The foregoing description is only exemplary of the preferred embodiments of the disclosure and is illustrative of the principles of the technology employed. It will be appreciated by those skilled in the art that the scope of the invention in the present disclosure is not limited to the specific combination of the above-mentioned features, but also encompasses other embodiments in which any combination of the above-mentioned features or their equivalents is possible without departing from the inventive concept as defined above. For example, the above features and (but not limited to) the features disclosed in this disclosure having similar functions are replaced with each other to form the technical solution.

Claims (10)

1. A method of speech processing comprising:
calculating an arrival angle corresponding to each frame of voice data in the voice data to be processed, which is acquired by the microphone array;
estimating and updating model parameters of the Gaussian mixture model based on the arrival angle corresponding to each frame of voice data in the voice data to be processed, correspondingly updating a target sound source identification set, determining a sound source identification corresponding to an arrival angle corresponding to each frame of voice data in the voice data to be processed, wherein each Gaussian model in the Gaussian mixture model corresponds to each target sound source identifier in the target sound source identifier set one by one, each Gaussian model in the Gaussian mixture models is used for representing arrival angle distribution of a target sound source indicated by a target sound source identification corresponding to the Gaussian model in the target sound source identification set relative to the microphone array, and the sound source identification corresponding to the arrival angle is the target sound source identification in the target sound source identification set or is used for indicating environmental noise sound source identification of a non-target sound source;
determining each target sound source identifier in the target sound source identifier set and a sound source identifier with the largest number of arrival angles corresponding to the environmental noise sound source identifier as a main sound source identifier corresponding to the voice data to be processed, wherein the number of arrival angles corresponding to the target sound source identifier in the target sound source identifier set or the environmental noise sound source identifier is the number of arrival angles corresponding to the target sound source identifier or the environmental noise sound source identifier in each arrival angle corresponding to each frame of voice data corresponding to the voice data to be processed;
and in response to the fact that the main sound source identification is not the environmental noise sound source identification, performing automatic gain control on the voice data to be processed and then outputting the voice data.

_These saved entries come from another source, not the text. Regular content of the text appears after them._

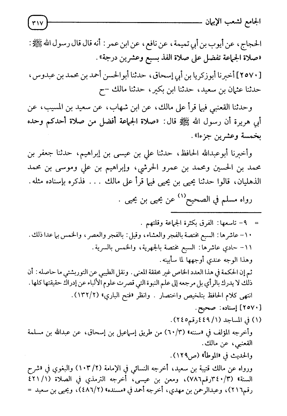 2570 - أَخْبَرَنَا أَبُو زَكَرِيَّا بْنُ أَبِي إِسْحَاقَ، حَدَّثَنَا أَبُو الْحَسَنِ أَحْمَدُ بْنُ مُحَمَّدِ بْنِ عَبْدُوسٍ، حَدَّثَنَا عُثْمَانُ بْنُ سَعِيدٍ، حَدَّثَنَا ابْنُ بُكَيْرٍ، حَدَّثَنَا مَالِكٌ، ح وَحَدَّثَنَا الْقَعْنَبِيُّ، فِيمَا قَرَأَ عَلَى مَالِكٍ، عَنِ ابْنِ شِهَابٍ، عَنْ سَعِيدِ بْنِ الْمُسَيِّبِ، عَنْ أَبِي هُرَيْرَةَ، أَنَّ رَسُولَ اللهِ صَلَّى اللَّهُ عَلَيْهِ وَسَلَّمَ، قَالَ: §" صَلَاةُ الْجَمَاعَةِ أَفْضَلُ مِنْ صَلَاةِ أَحَدِكُمْ وَحْدَهُ بِخَمْسٍ وَعِشْرِينَ جُزْءًا " وَأَخْبَرَنَا أَبُو عَبْدِ اللهِ الْحَافِظُ، حَدَّثَنَا عَلِيُّ بْنُ عِيسَى بْنِ إِبْرَاهِيمَ، حَدَّثَنَا جَعْفَرُ بْنُ مُحَمَّدِ بْنِ الْحُسَيْنِ، وَمُحَمَّدُ بْنُ عَمْرٍو الْحَرَشِيُّ، وَإِبْرَاهِيمُ بْنُ عَلِيٍّ، وَمُوسَى بْنُ مُحَمَّدٍ الذُّهْلِيَّانِ، قَالُوا: حَدَّثَنَا يَحْيَى بْنُ يَحْيَى، فِيمَا قَرَأَ عَلَى مَالِكٍ فَذَكَرَهُ بِإِسْنَادِهِ مِثْلَهُ، رَوَاهُ مُسْلِمٌ فِي الصَّحِيحِ، عَنْ يَحْيَى بْنِ يَحْيَى
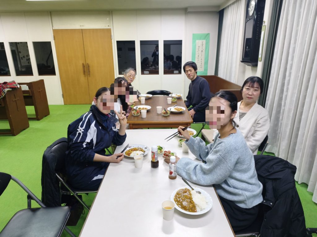 中高生会は、30分ほどの礼拝をした後、分級(聖書研究)、夕食、ゲームという流れで午後6時から9時まで教会で楽しく過ごしています。
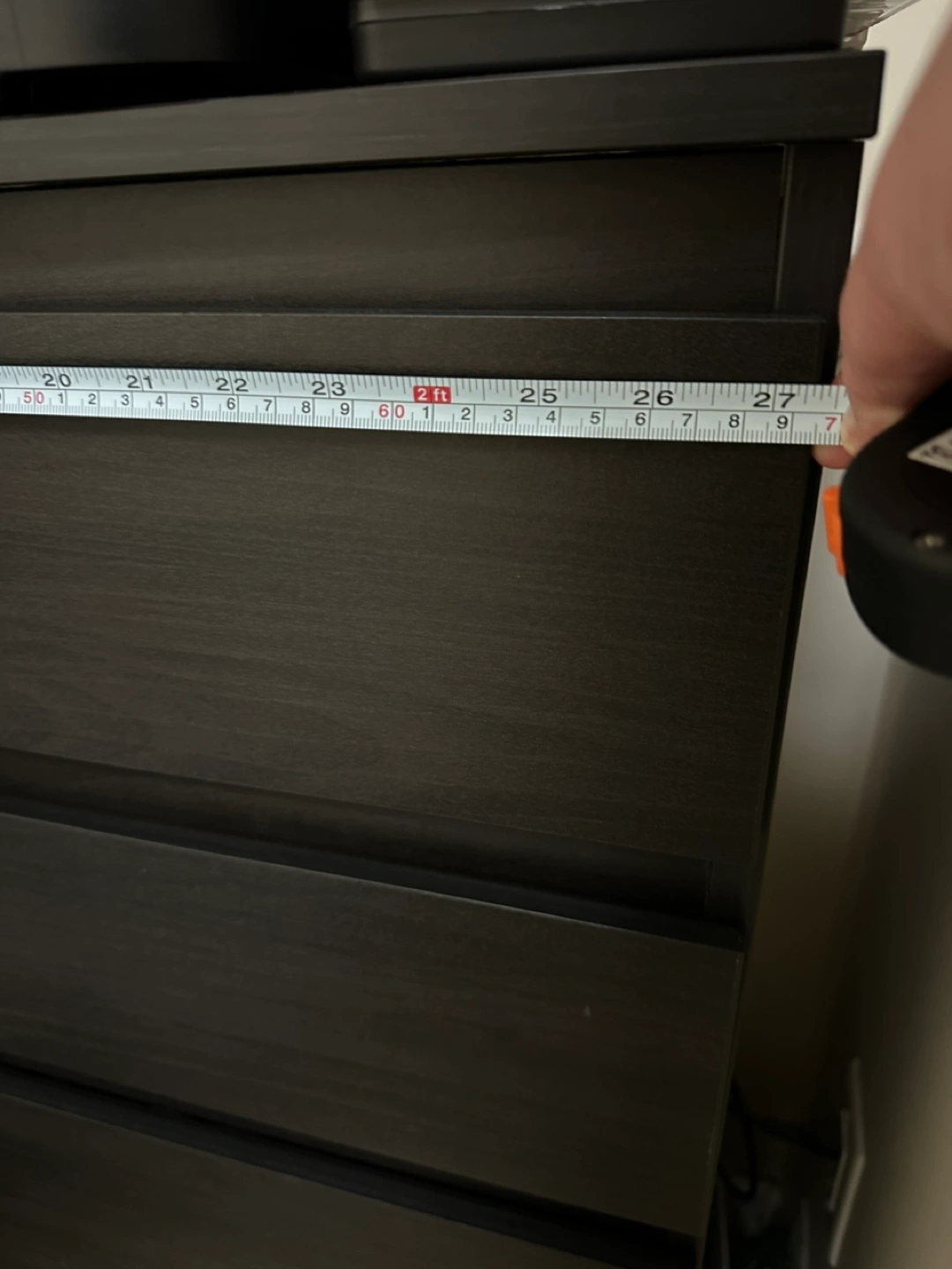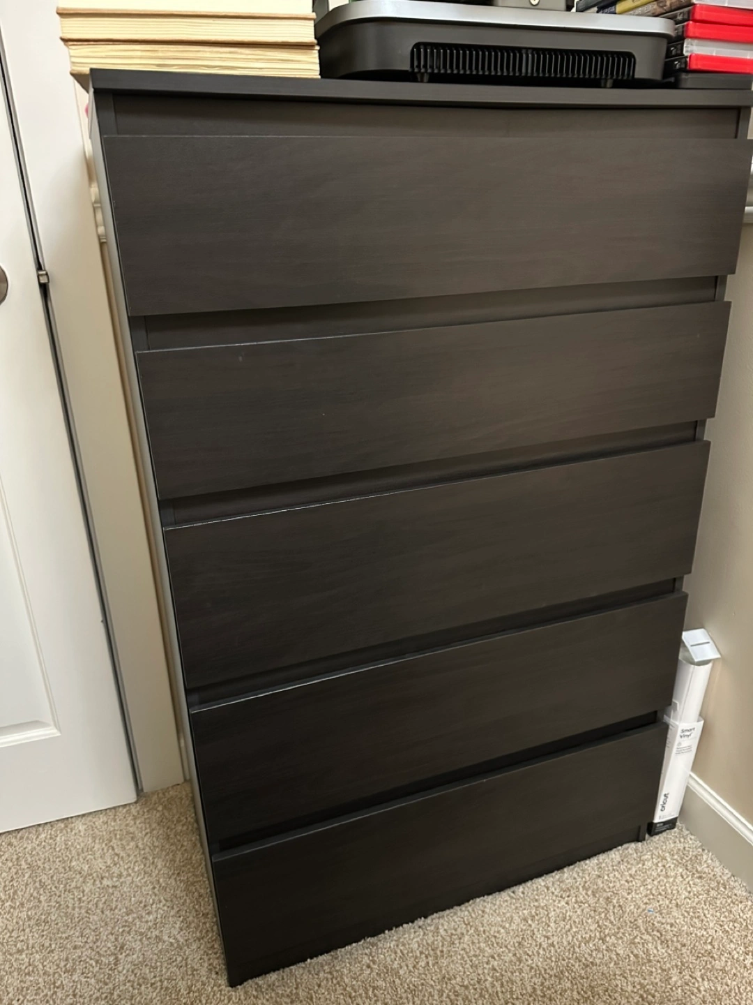 Five-drawer dresser. Dark brown. Excellent condition. Measures approximately 27 inches wide.
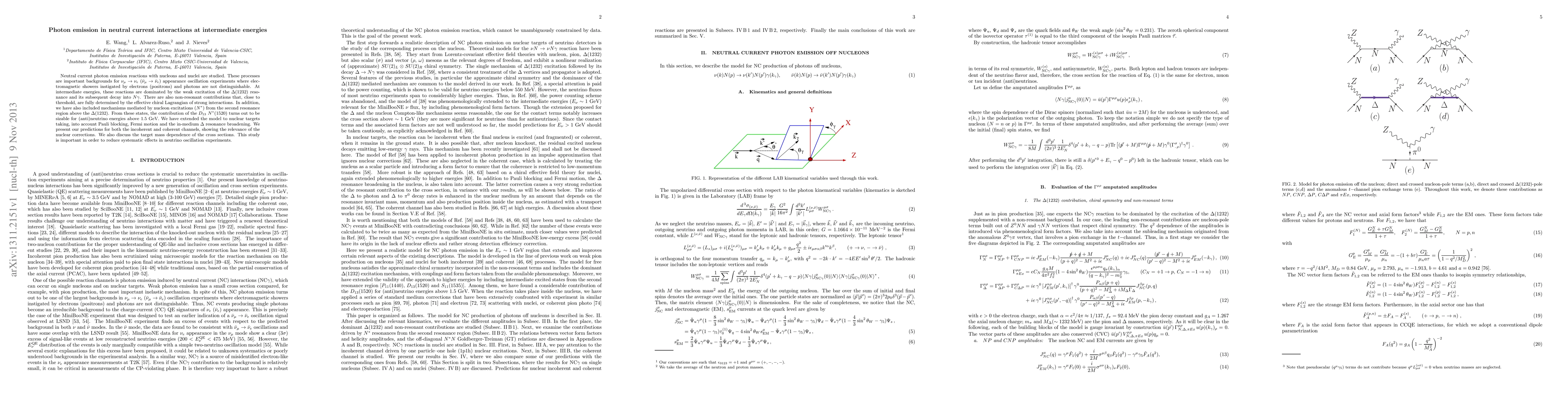 This paper investigates neutral current photon emission in nucleon and nuclear interactions at intermediate energies, focusing on the weak excitation of the Delta(1232) resonance and its decay. It also considers non-resonant contributions and nucleon excitations, and extends the model to nuclear targets, providing predictions for both incoherent and coherent channels to reduce systematic effects in neutrino oscillation experiments.
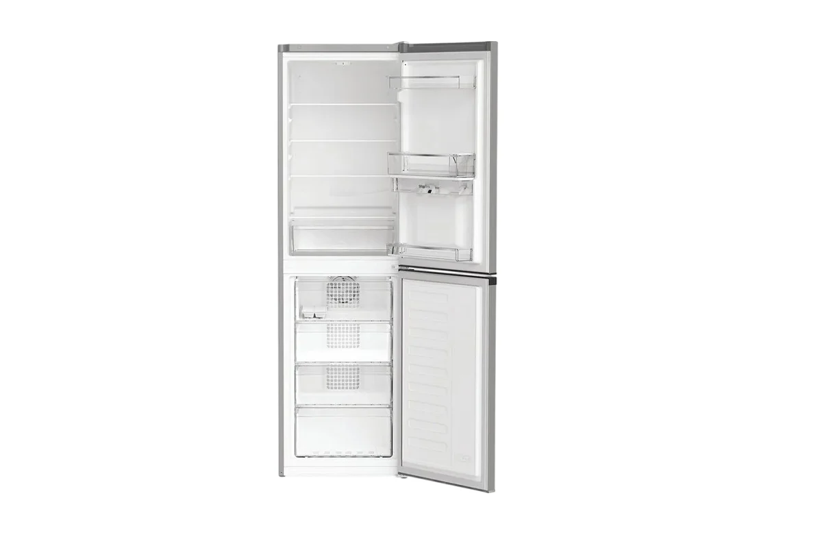 This Hotpoint freestanding 50/50 fridge freezer in stylish silver features thoughtful technology that keeps your food fresh and prevents waste. With a spacious capacity of 270L, it provides ample space for 15 shopping bags, so you can easily fit all your groceries in. Hotpoint clever No Frost technology ensures a constant airflow inside the freezer, so you'll never have the dreaded chore of defrosting it. Inside you'll find a dedicated Fresh Zone drawer, which maintains the correct temperature for crisp salad and long-lasting vegetables. Bright LED lighting illuminates the interior of your fridge so you can see everything clearly, and the reversible door design lets you position it perfectly in your space. Outside, the integrated water dispenser lets you quench your thirst instantly with quick and easy access to chilled water.
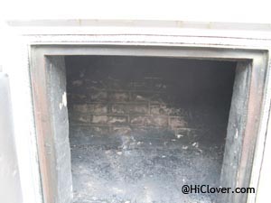 * Frontage of loading with door seals gone up on hinges, wheel of screw plug, flexible joint, and stuffing insulating out of refractory.

2. The method of claim 1, wherein the method further comprises:
in response to determining that the primary sound source identification is the ambient noise sound source identification, outputting the speech data to be processed; or
And in response to the fact that the main sound source identification is the environmental noise sound source identification, outputting the to-be-processed data after the gain of the to-be-processed data is preset to be constant.

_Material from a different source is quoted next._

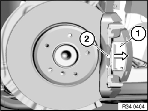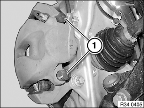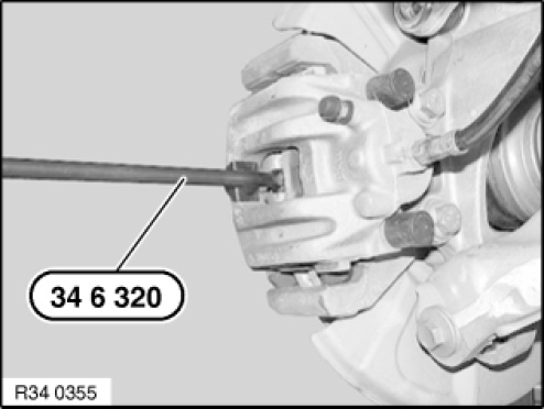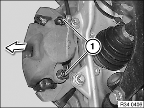 Release guide screws (2) with special tool 34 1 080. Withdraw brake calliper backwards.
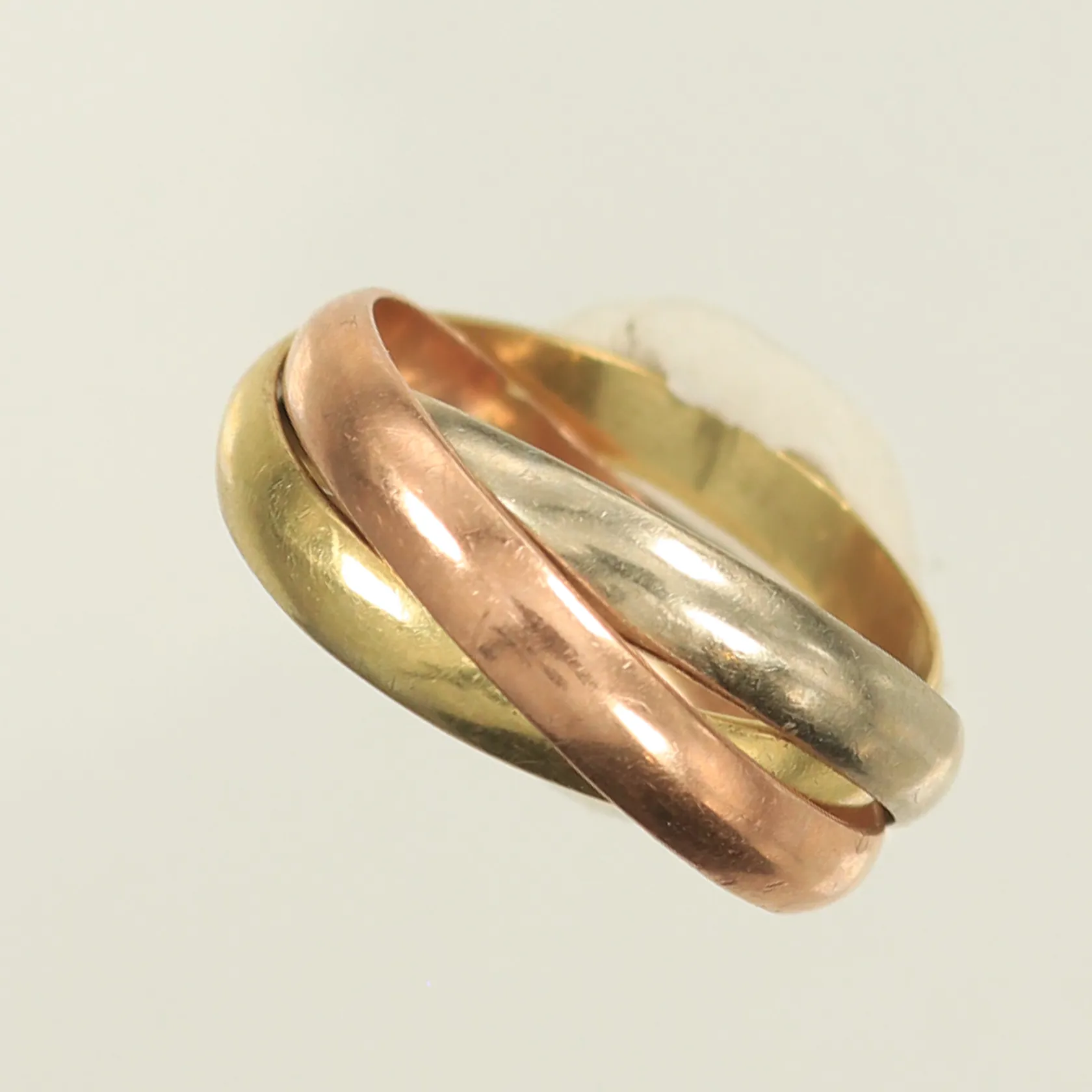 Ring trefärgad stl 15¾, bredd ca 8mm, 14K, 4,8g Vikt: 4,8 g.

3. The method of claim 2, wherein the calculating, for each frame of speech data in the speech data to be processed collected by the microphone array, an arrival angle corresponding to the frame of speech data comprises:
for each frame of voice data in the voice data to be processed collected by the microphone array, calculating an arrival angle corresponding to the frame of voice data and a corresponding arrival angle confidence coefficient; and
the estimating and updating model parameters of the Gaussian mixture model based on the arrival angle corresponding to each frame of voice data in the voice data to be processed, correspondingly updating a target sound source identifier set, and determining the sound source identifier corresponding to the arrival angle corresponding to each frame of voice data in the voice data to be processed comprises:
in response to determining that a preset environmental noise condition is met, determining a sound source identifier corresponding to an arrival angle corresponding to each frame of voice data in the voice data to be processed as the environmental noise sound source identifier, where the preset environmental noise condition includes at least one of: the average value of the confidence degrees of arrival angles corresponding to each frame of voice data of the voice data to be processed is smaller than a preset confidence degree threshold value, the ratio of the number of the noise arrival angles to the total number of the arrival angles is larger than a preset ratio threshold value, and the variance of each arrival angle corresponding to each frame of voice data in the voice data to be processed is larger than a preset arrival angle variance threshold value, wherein the number of the noise arrival angles is the number of arrival angles of which the confidence degrees of the corresponding arrival angles in the arrival angles corresponding to each frame of voice data of the voice data to be processed are smaller than the preset confidence degree threshold value, and the total arrival angle number is the sum of the arrival angles corresponding to each frame of voice data of the voice data to be processed;
and in response to the fact that the preset environmental noise condition is not met, estimating and updating model parameters of the Gaussian mixture model based on the arrival angle corresponding to each frame of voice data in the voice data to be processed, correspondingly updating a target sound source identification set, and determining a sound source identification corresponding to the arrival angle corresponding to each frame of voice data in the voice data to be processed.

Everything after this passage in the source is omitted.